### DATASET ENTRIES
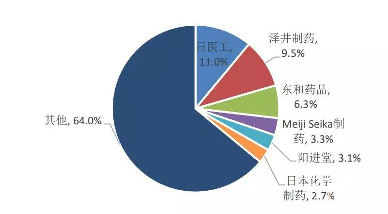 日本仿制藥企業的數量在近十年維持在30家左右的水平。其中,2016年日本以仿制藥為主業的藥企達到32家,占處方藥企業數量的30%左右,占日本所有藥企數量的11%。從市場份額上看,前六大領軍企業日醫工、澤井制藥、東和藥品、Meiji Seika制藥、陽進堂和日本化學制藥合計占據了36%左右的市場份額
---
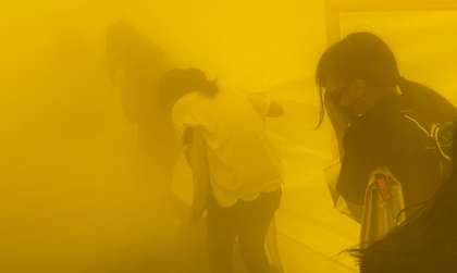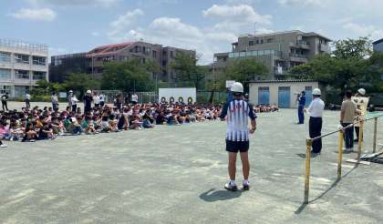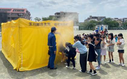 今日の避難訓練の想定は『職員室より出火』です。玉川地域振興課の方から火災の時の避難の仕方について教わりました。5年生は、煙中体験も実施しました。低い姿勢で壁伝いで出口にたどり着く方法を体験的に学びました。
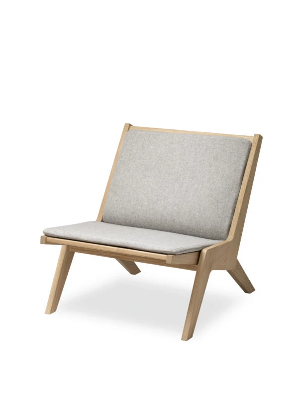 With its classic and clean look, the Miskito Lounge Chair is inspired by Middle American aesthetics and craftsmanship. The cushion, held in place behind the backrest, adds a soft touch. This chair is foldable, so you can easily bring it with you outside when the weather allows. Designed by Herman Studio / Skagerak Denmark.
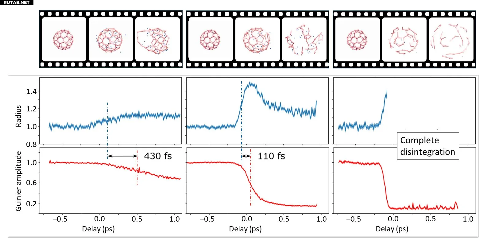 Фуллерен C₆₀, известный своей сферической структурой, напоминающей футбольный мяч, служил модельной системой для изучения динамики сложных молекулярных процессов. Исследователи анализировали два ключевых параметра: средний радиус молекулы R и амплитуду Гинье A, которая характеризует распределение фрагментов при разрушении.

### ASSIGNED TASK
Output only the stretch above from the line with "今日の避難訓練の想定は『職員" through the line with "Фуллерен C₆₀, известный", reproduced exactly. Exclude pictures.

### WRITTEN ANSWER
 今日の避難訓練の想定は『職員室より出火』です。玉川地域振興課の方から火災の時の避難の仕方について教わりました。5年生は、煙中体験も実施しました。低い姿勢で壁伝いで出口にたどり着く方法を体験的に学びました。
 With its classic and clean look, the Miskito Lounge Chair is inspired by Middle American aesthetics and craftsmanship. The cushion, held in place behind the backrest, adds a soft touch. This chair is foldable, so you can easily bring it with you outside when the weather allows. Designed by Herman Studio / Skagerak Denmark.
 Фуллерен C₆₀, известный своей сферической структурой, напоминающей футбольный мяч, служил модельной системой для изучения динамики сложных молекулярных процессов. Исследователи анализировали два ключевых параметра: средний радиус молекулы R и амплитуду Гинье A, которая характеризует распределение фрагментов при разрушении.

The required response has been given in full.